**Data for analysis**.

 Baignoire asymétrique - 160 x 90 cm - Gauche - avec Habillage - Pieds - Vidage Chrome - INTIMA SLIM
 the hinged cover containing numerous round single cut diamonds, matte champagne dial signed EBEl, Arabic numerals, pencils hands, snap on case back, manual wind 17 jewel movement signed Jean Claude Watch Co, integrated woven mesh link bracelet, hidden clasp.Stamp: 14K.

--

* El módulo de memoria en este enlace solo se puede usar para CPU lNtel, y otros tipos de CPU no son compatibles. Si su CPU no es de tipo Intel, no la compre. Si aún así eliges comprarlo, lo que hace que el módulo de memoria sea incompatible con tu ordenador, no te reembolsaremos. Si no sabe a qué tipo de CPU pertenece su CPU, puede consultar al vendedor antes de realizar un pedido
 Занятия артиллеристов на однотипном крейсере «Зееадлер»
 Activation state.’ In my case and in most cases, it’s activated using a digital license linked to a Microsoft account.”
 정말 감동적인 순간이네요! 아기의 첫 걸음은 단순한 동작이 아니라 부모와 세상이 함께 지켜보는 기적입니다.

**The task**.
Give back, unchanged, the run of lines in the listing above that begins at the line containing "realizar un pedido" and ends at the line containing "Занятия артиллеристов на", both included.

**Output below**.
* El módulo de memoria en este enlace solo se puede usar para CPU lNtel, y otros tipos de CPU no son compatibles. Si su CPU no es de tipo Intel, no la compre. Si aún así eliges comprarlo, lo que hace que el módulo de memoria sea incompatible con tu ordenador, no te reembolsaremos. Si no sabe a qué tipo de CPU pertenece su CPU, puede consultar al vendedor antes de realizar un pedido
 Занятия артиллеристов на однотипном крейсере «Зееадлер»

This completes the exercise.